Construction law is constantly changing. A savvy contractor keeps abreast of those changes and adapts his business methods to conform to new requirements. Here are some recent legislative updates and court decisions that may affect your business.
Notice of Mechanic’s Liens Now Required
As of January 1, Civil Code section 3084 now requires that lien claimants provide written notice to the property owner that the lien is recorded. The new law contains specific language and font size requirements.
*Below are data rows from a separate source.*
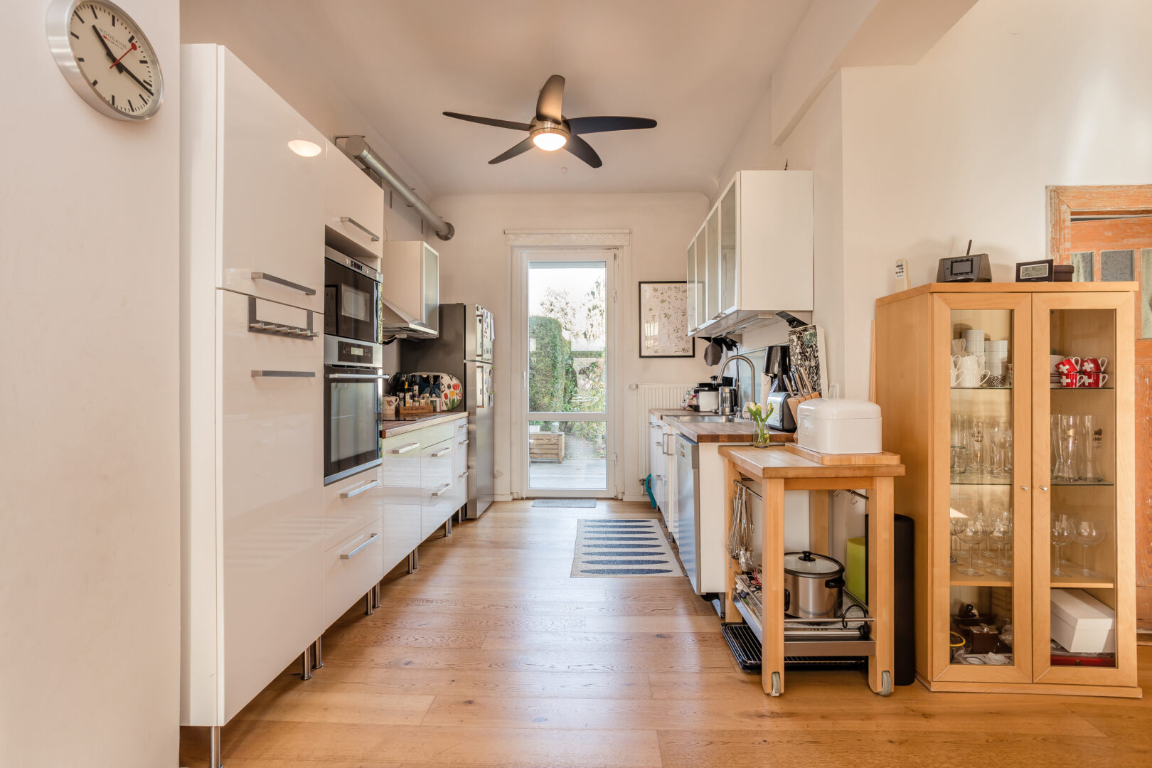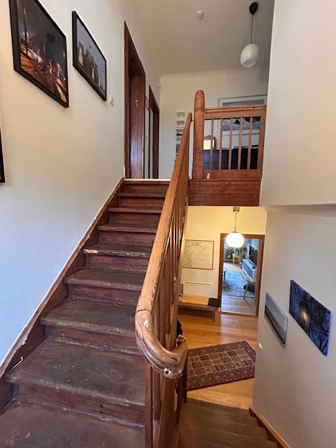 Der großzügige Hauptflur führt sternförmig in alle Räume des Erdgeschosses. Eine imposante Altbautreppe aus der Entstehungszeit des Hauses verbindet das Erdgeschoss mit dem Obergeschoss. Geradeaus liegt die offene Küche, die mit dem gegenüberliegenden Essbereich verbunden wurde. Von der Küche aus gelangt man direkt auf die Terrasse und in den nach Westen ausgerichteten Garten.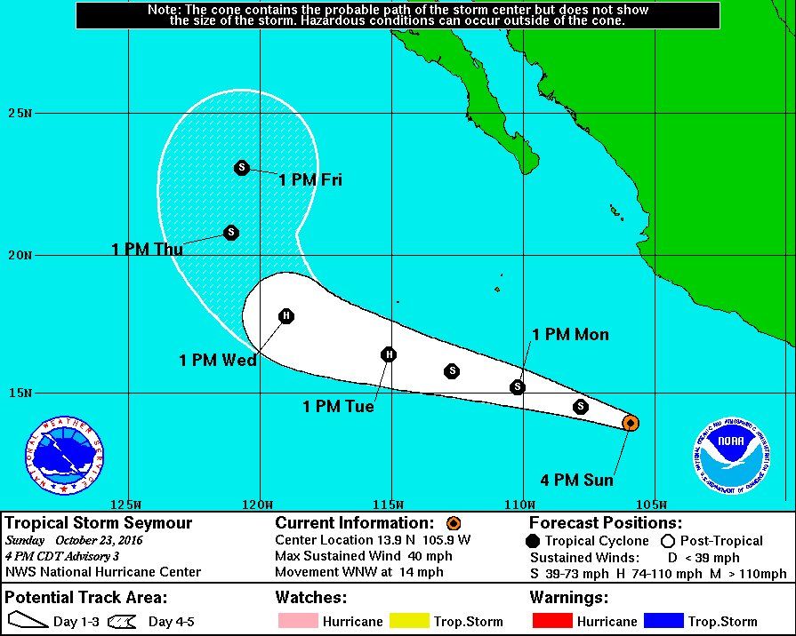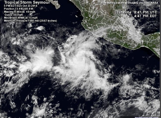 Seymour presenta rachas de viento de hasta 60 kilómetros por hora, y se encuentra actualmente a 590 kilómetros al suroeste de Manzanillo, Colima,
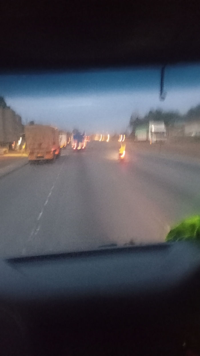 A blurry, out-of-focus view from inside a vehicle looking out onto a road. Several vehicles, including what appear to be trucks, are visible on the road ahead, along with blurred lights. The sky is overcast or dusk is approaching. A portion of the vehicle's dashboard and windshield are visible in the foreground, adding to the obscured perspective. The overall impression is of motion and unclear visibility.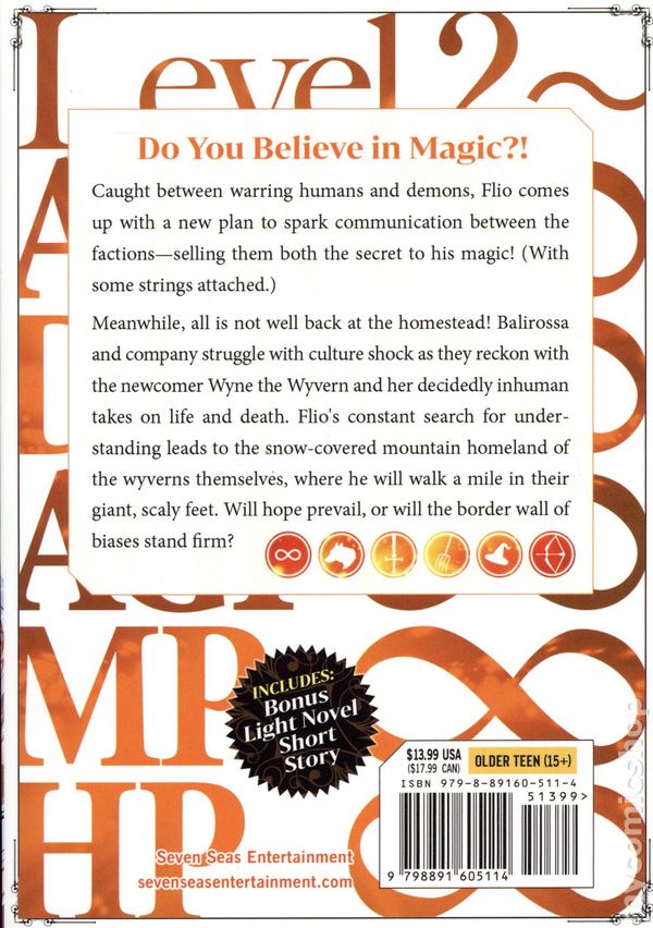 Volume 9 - 1st printing. Written by Miya Kinojo. Art and cover by Akine Itomachi. Character Design by Katagiri. Translated by John Neal. Adapted by Topher Pirki. DO YOU BELIEVE IN MAGIC!? Caught between warring humans and demons, Flio comes up with a new plan to spark communication between the factions—selling them both the secret to his magic! (With some strings attached.) Meanwhile, all is not well back at the homestead! Balirossa and company struggle with culture shock as they reckon with the newcomer Wyne the Wyvern and her decidedly inhuman takes on life and death. Flios constant search for understanding leads to the snow-covered mountain homeland of the wyverns themselves, where he will walk a mile in their giant, scaly feet. Will hope prevail, or will the border wall of biases stand firm?! Softcover, 5-in. x 7-in., 172 pages, B&W. Older Teen (15+) Cover price $12.99.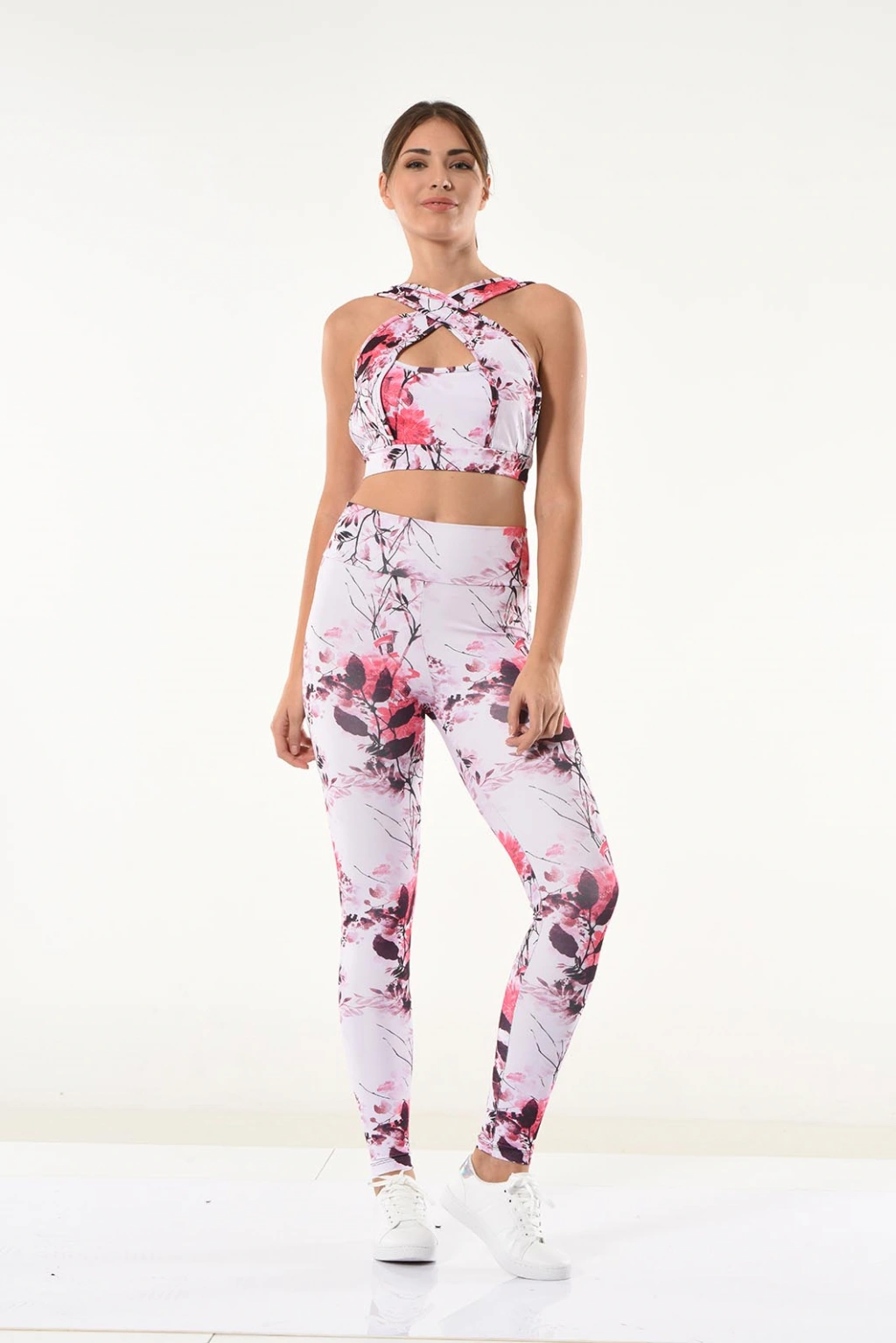 Çapraz geniş askılı büstiyer ve tayt olmak üzere 2 parçadan oluşan yeni sezon tayt takım modelidir.

Most importantly, failure to provide the notice as required renders the lien unenforceable.
Notice of Pendency of Action to Become Mandatory
As of January 1, 2011, Civil Code section 3146 will mandate that a Notice of Pendency of Action (Lis pendens) be recorded within 20 days of the filing an action to foreclose a mechanic’s lien. Current law does not require the recordation of a Lis pendens. It is unclear if a failure to timely record the notice will affect the validity of the lien.
Unlicensed Contractors Ordered to Disgorge
In White v. Cridlebaugh (2009) 178 Cal. App. 4th 506, the court of appeal recently held that an unlicensed contractor was required to reimburse an owner more than $80,000 for construction work performed while unlicensed. The appellate court found that Business & Professions Code section 7031(b) was designed to treat consumers consistently, regardless of whether or not they already paid the contractor for unlicensed work. Section 7031(b) protects an owner from suit for payment by an unlicensed contractor. This case now makes clear that unlicensed contractors cannot avoid the effect of the statutes by collecting prepayment before undertaking work or by retaining progress payments for completed phases of work.